I'm, frankly, a little offended that you are suggesting that snobbery is
involved and that it has an element of "well, your commentary doesn't my _my_
needs the priority, so it is therefore of no interest to me". That's hardly
it, at all. It's more an issue of "I don't need to be bombarded with every
trivial thought and action of your entire daily life and I would not bombard
you with the same". News shock -- you are not that important and neither am I.
And you don't need to post the constant stream of inanity to "keep in touch"
-- assuming that you even need a third party utility to "keep in touch" (isn't
that what email is for?).

For example, I finally logged into my Facebook account while posting this and
here were the most recent updates that greeted me. Note that the age of every
poster here is between 25 and 50. No, I'm not solving world hunger, but am I a
snob for saying that all of the below is a complete waste of my time and that
the only reason a person would post any of these things is that they either
have keyboard-turrettes or are some degree of attention whore?

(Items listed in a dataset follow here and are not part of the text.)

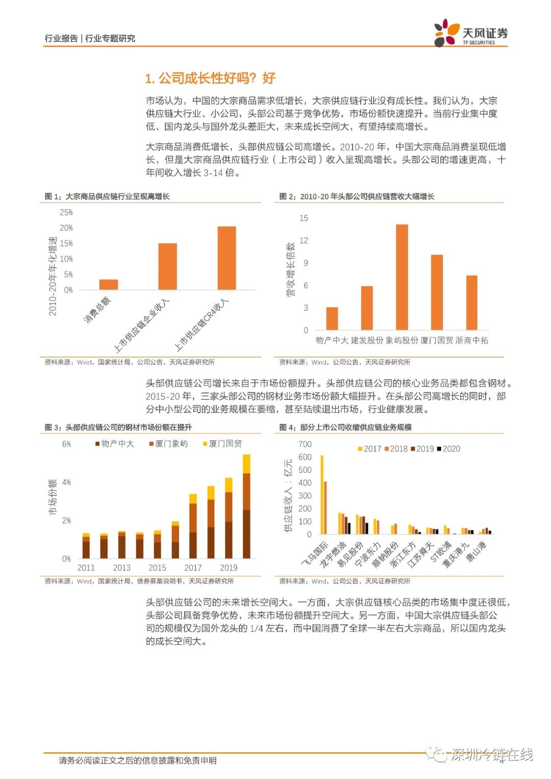 市场认为,中国的大宗商品需求低增长,大宗供应链行业没有成长性。我们认为,大宗供应链大行业、小公司,头部公司基于竞争优势,市场份额快速提升。当前行业集中度低、国内龙头与国外龙头差距大, 未来成长空间大, 有望持续高增长。
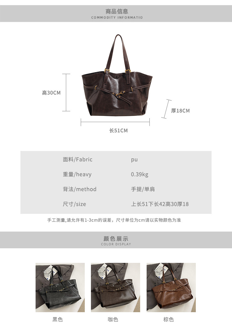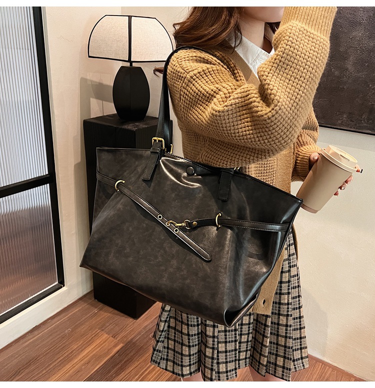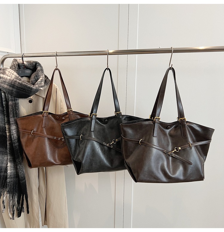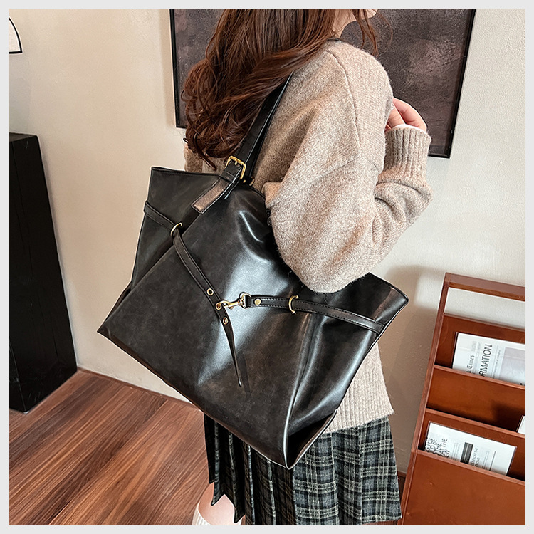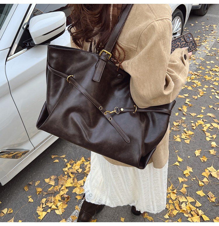 캐주얼 통근자 레트로 대용량 가방 여성의 2024 새로운 유행 가을 겨울 올 매치 숄더 백 휴대용 토트 백스토어 가기
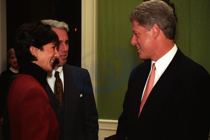 Jeffrey Epstein and Ghislaine Maxwell speak with US President Bill Clinton after the president made remarks at an event for donors to the White House restoration project, Washington DC, USA, 29 September 1993., Credit:Ralph Alswang/The White House / Avalon
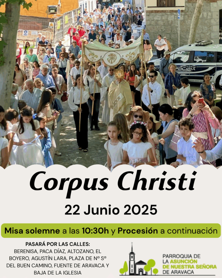 Este domingo 22 de junio, la Parroquia de la Asunción de Nuestra Señora de Aravaca celebra con alegría la Solemnidad del Corpus Christi, una de las fiestas más importantes del calendario litúrgico, en la que manifestamos públicamente nuestra fe en la presencia real de Jesús en la Eucaristía.
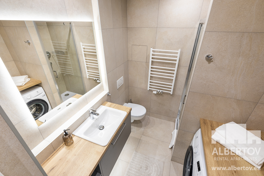 We offer you a completely furnished, modern apartment for rent for one to two people in a resident complex, which will guarantee comfort and coziness, not far away from the center of Prague. This apartment gets a lot of light and is on the second floor.
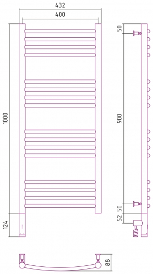 Полотенцесушитель электрический Сунержа Богема 3.0 1000x400
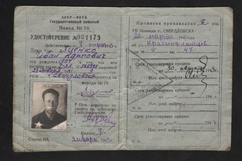 Удостоверение рабочего завода № 76 (Уральского турбо-завода города Свердловска) Ивана Карповича Яценко. Январь 1943 года.
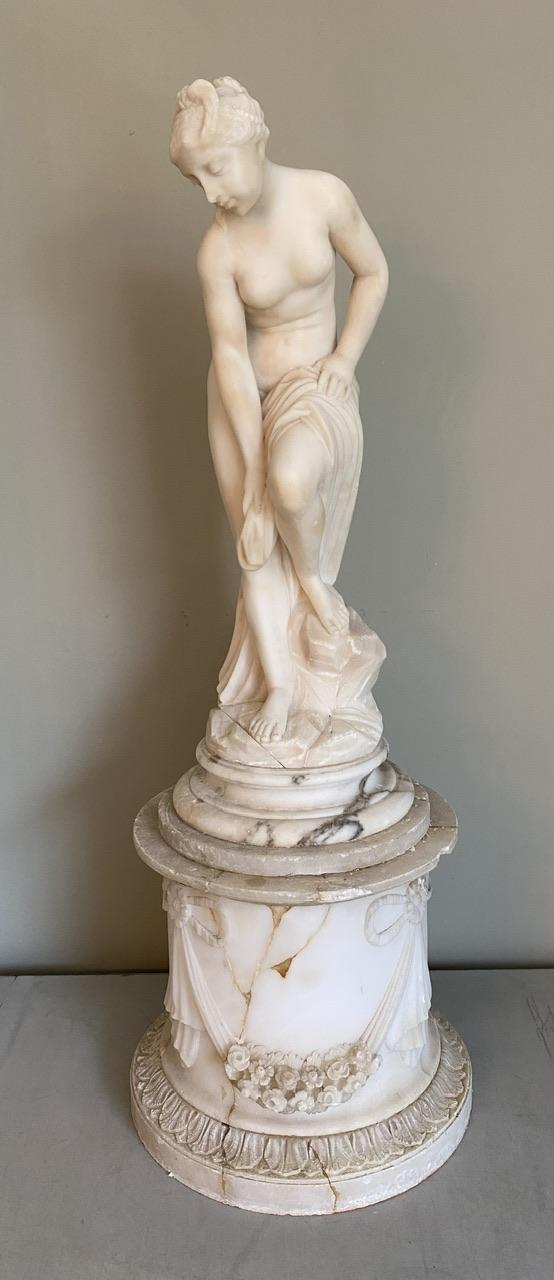 This is a lovely Grand Tour late 19th Century Classical Maiden standing on a separate plinth. Made from Alabaster and well modelled. The main figure in excellent condition, the plinth has a few nibbles see photos, but in overall excellent condition for the home.
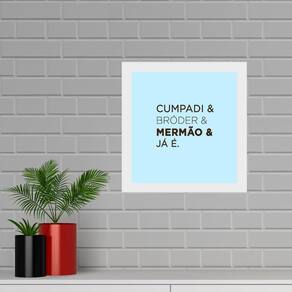 Quadro quadrado gírias carioca - 33x33cm - com vidro Cor: moldura preta Informações do produto tire todas as suas dúvidas no descritivo abaixo: decoração para quarto, sala, cozinha, escritório, área gourmet e muito mais. Chega de paredes vazias medidas - cada peça tem 33x33cm. Material do papel - papel fotográfico brilhante de altíssima resolução acabamento - todos os quadros são acompanhados de vidro para proteção da imagem. - moldura em madeira maciça na cor preta ou branca conforme produto escolhido e pendurador . - os quadros são embalados de forma segura com plástico bolha com camada dupla de acordo com o tamanho dos quadros. - de 3 meses. Meu quadro chegou. Como posso fixá-lo Você precisa apenas de um martelo e um prego, pois os quadros já vão acompanhados de penduradores. Esta é a forma mais indicada. Como posso limpar meu quadro A limpeza é feita como um móvel comum da sua casa. Apenas um pano seco ou espanador são suficientes para tal Marca: Não Informado Ean: 7901039761708
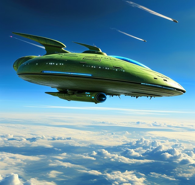 绿色外星飞船在蓝色窗户的天空中飞行

Do _I_ have anything more significant to say with the same frequency of all
these inane posts? Do I have anything truly earth shattering and mind-bending
and enlightening that absolutely must be shared with a hundred people several
times per day? No, I don't. So I don't post. I choose not to add to the noise
that other people (presumably people that I am either close friends with or at
least vaguely associated with) have to sift through. Interesting how that
makes me a snob, rather than considerate.

* Someone posted a picture of their cat.

* Someone posted a picture of something really old in their freezer and asked if they should still eat it.

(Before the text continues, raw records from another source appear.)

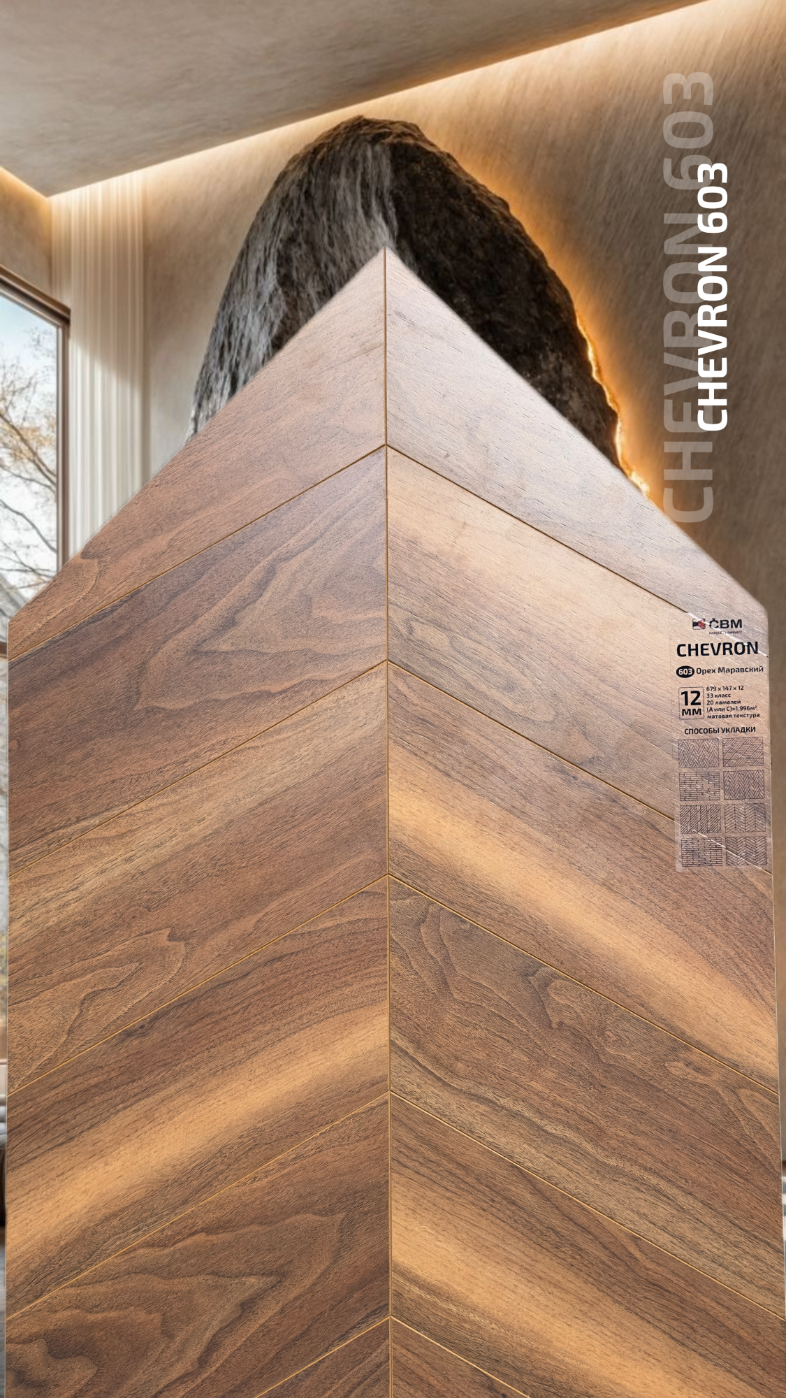 Страна производства Чехия Коллекция Chevron Класс пожарной опасности КМ 3 Производители ламината Cbm Класс ламината 33 Толщина доски ламината 12 мм Размеры доски ламината 679х147 мм Вид\Имитация материала Ёлочка Упаковка ламината 1,996 м2, досок (20 шт одной стороны (А или С), 19 кг. Наличие фаски ламината 4х-сторонняя Влагостойкость ламината Повышенная Срок эксплуатации ламината (в домашних условиях) 25 лет -
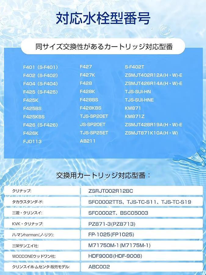 「幅広い適合水栓型番」:F401(S-F401)、F402(S-F402)、F404(S-F404)、F425(S-F425)、F425K、F425BS、F425KBS、F426(S-F426)、F426K、F427、F427K、F428、F428K、F428BS、F428KBS、S-F402T、ZSMJT402R12A(H・W)-E、ZSMJT426R14A(H・W)-E、ZSMJT428R19A(H・W)-E、ZSMJT871K10A(H・W)-T、TJS-SUI-HN、TJS-SUI-HNE、TJS-SP20E、TJS-SP20ET、TJS-SP25ET、KM871、KM871Z、FJ0113、AB211等。
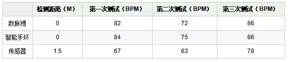 测试方式:将传感器调到睡眠检测模式,传感器放置与人体正前方1.5m处传感器正对检测人员胸部,通过同时运动手环检测、摸脉博和传感器检测数据三组数据对比验证传感器心率测试准确性
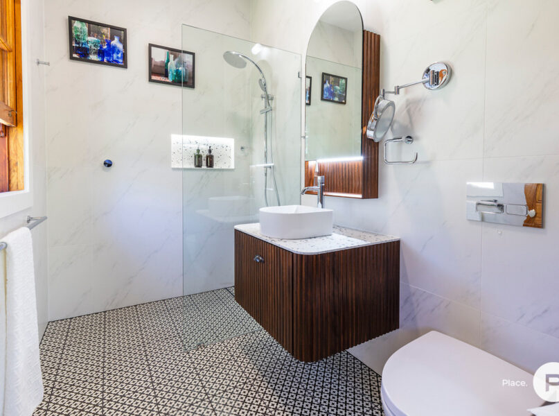 – Updated main bathroom displaying floor-to-ceiling tiling and a large frameless shower
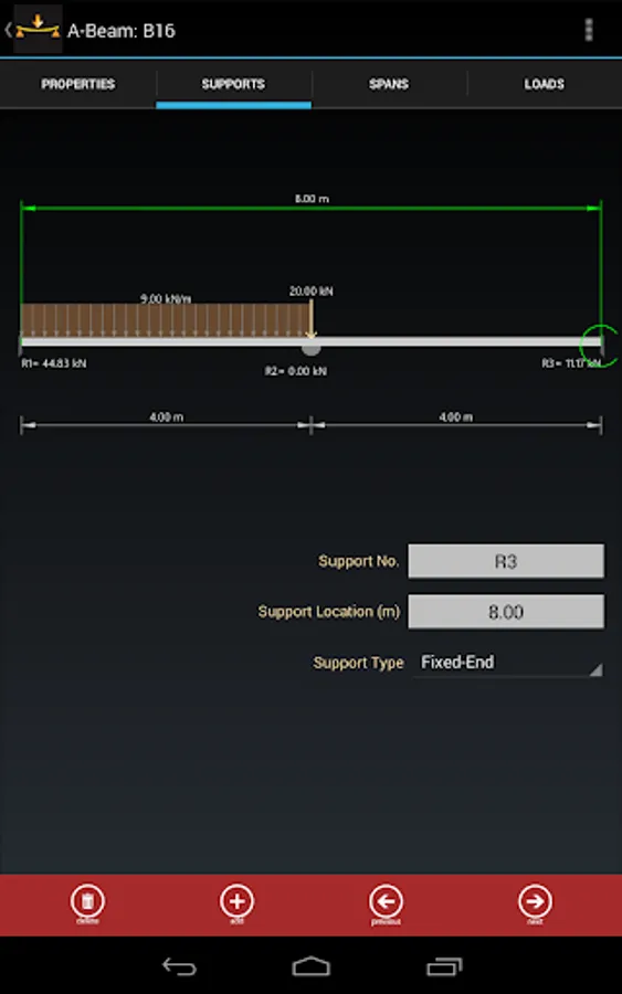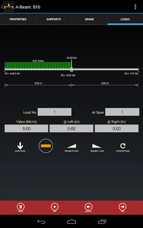 The great part of A-Beam is you are not limited to the only predefined of the pattern of the beams with particular support and load condition, but in A-Beam you can create your own beam with any combination of span and load condition no matter how complex it is. And create a beam and input the support and load condition is easy due to the interaction of the user interface which will show you the beam diagram while editing the data.
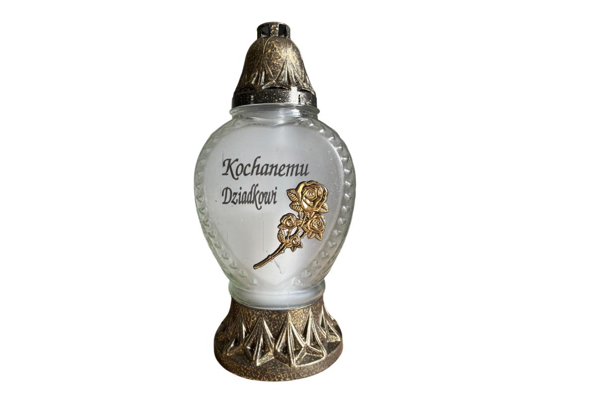 Napis na zniczu: Kochanemu Dziadkowi
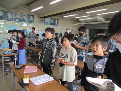 5年生音楽。音楽発表会に向けて歌声をがんばっています。

* Someone made a snarky comment about Obama.

* Several people posted links spamming projects they're doing (shows, events, etc).

* Someone posted their tarot reading (again).

* Someone said they should have been in bed an hour ago.

* Someone answered questions in some app about how tall they are.

* Someone said they saved a lot of money grocery shopping today.

* Someone liked Dial brand soap.

* Someone said the work day will never end.

* Someone said they "love being a mommy".

* Several people posted links to random stupid youtube videos.

* Several more stupid updates from apps (no matter how many you click "hide" on, there are always more).

* Someone said "that dream was different!"

* Someone made some vague drama-infused comment about their relationship or a friendship or something (I couldn't tell which).

* Someone said they can't wait for Friday.

Another way of thinking of this. I call my mom maybe once a month and talk to
her for half an hour or so. The woman who gave birth to me. The woman who
raised me. The woman who sacrificed a lot in life to make sure that I was
fortunate enough to become the person that I am today. I talk to her once a
month-ish. Just long enough to catch up on the most important things and let
her know she's important in our lives.

I would not want a running stream of every action and thought my own mom made.
Why on _earth_ would I want one every hour or two from every single friend or
associate I have. People overshare. Too much and too frequently. And too
trivially. Whatever happened to going out and having a drink and shooting the
shit with your friends? That's fine, every now and then. Keeping in touch when
something big is fine. I don't, however, need to hear from you every damn hour
on every damn thing going on. And they don't need to hear that from me,
either.

As I said, people absolutely adore talking about themselves. They are
attention-whores. They want to broadcast as much inanity and/or drama as they
possibly can to the largest audience they possibly can and it's usually a one-
way-street (though even more so on Twitter). If they had even one second of
consideration for the value of their contribution and the value of their
"friends" time, they wouldn't post nearly as much of the crap that they do.

And it's not just your buddy. Or the guy at work. Or the ex-girlfriend. Or the
random dude you met at a convention that friended you when you got back home.
It's the tech celebs. It's the tech industry darlings. It's Scoble and Kevin
Rose and everyone else. Trust me, I've considered following the twitter feeds
of some of these people. After all, they stumble on to some cool things and
have some interesting thoughts to offer. But even with these people, the level
of noise is just incredible. So much so that I stopped following any of them
ages ago and don't bother to follow anyone anymore, because I know that for
every interesting 140 characters I get from them, I'll have to pour through
many thousands of characters of trivial crap (or even meaningless crap, when
it's just semi-inside stuff between them and someone else).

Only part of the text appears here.